I mentioned, our normal levels are about 8,000,000 tonnes of crude inventory. And we had on April 1 9,800,000 tons, on May 1 11,400,000 tons, on June 1 10,200,000 tons and perhaps by July 1 we will sort of revert to the normal levels. So we did procure certain crudes despite the certain additional crudes, despite the reduction in the processing rate of the refineries. And we believe that it will give us new benefits in the periods to come. Your second question was on There increase.

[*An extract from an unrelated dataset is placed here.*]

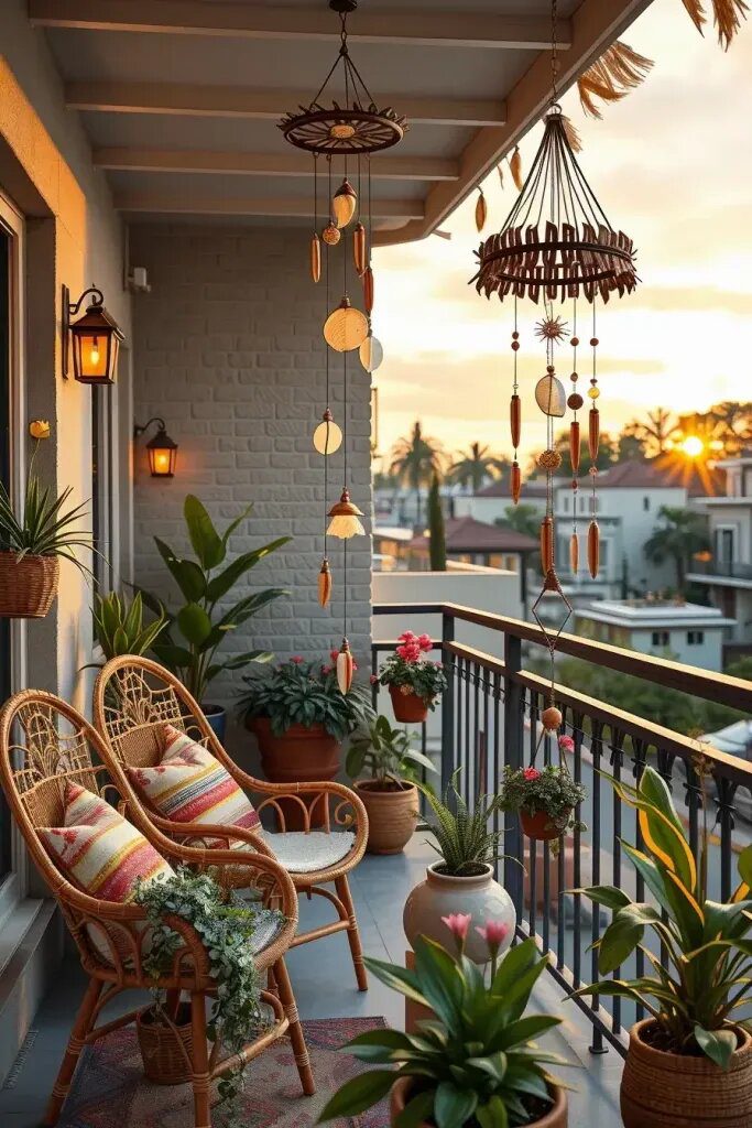 You know, a lot of folks don’t really pay attention to the sounds in design, but I’ve found that they can make a big difference in sprucing up a boho-style balcony. That’s why I like to hang up some wind chimes to give the garden a more soothing vibe. They just add that extra touch of charm, playfulness, and tranquility.

There is as we explained, there is no permanent increase because working capital, in fact, a lot of working capital has got released because of the reduction in the prices. And our borrowings level, which were at the level of 126,000 at maximum during April, are now back to about INR 104,000 crore level, and we expect it to reach the INR 104 crore level below INR 104 crore level very soon. So not exactly any pressure from working capital side on the moment.

Speaker 3

So this 25,000 extra was because of the working capital, which is already reversed is what you're saying. So there will be no further reversal from, you know, the the current levels. It's already baking in all the extra ones.

Speaker 4

Yeah.

Speaker 5

Okay.

Speaker 3

Thank you.

Speaker 1

Thank you, mister Joshi. I would now like to hand the call to mister Bhavin Gandhi. Please go ahead, sir. Mister Bhavin Gandhi? Sir, any closing comments from your end?

Speaker 3

So

Speaker 4

so on a nutshell, this is we expect that the demand recovery is going to be there in q two and also in the later part of the year. We also expect that if they demand recovery, the spread, it is natural for them to correct two, three, three COVID levels. We also expect our working capital requirements to be lower going forward because of liquidation of GRE's views, because of low price levels, because of perhaps no deal subsidy for LPG and ESCO going forward based on these low prices. So we are bullish that we will be able to perform handsomely for the rest of the years. That is all as a closing company.

Operationally, in any case, we have been doing well and we will continue to do well. Thank you.

Speaker 5

Thank you, sir. Ladies

Speaker 1

and gentlemen, this does conclude your conference for today. We thank you for your participation and for using iZumption conference service. You may please disconnect your lines now. Thank you, and have a great day.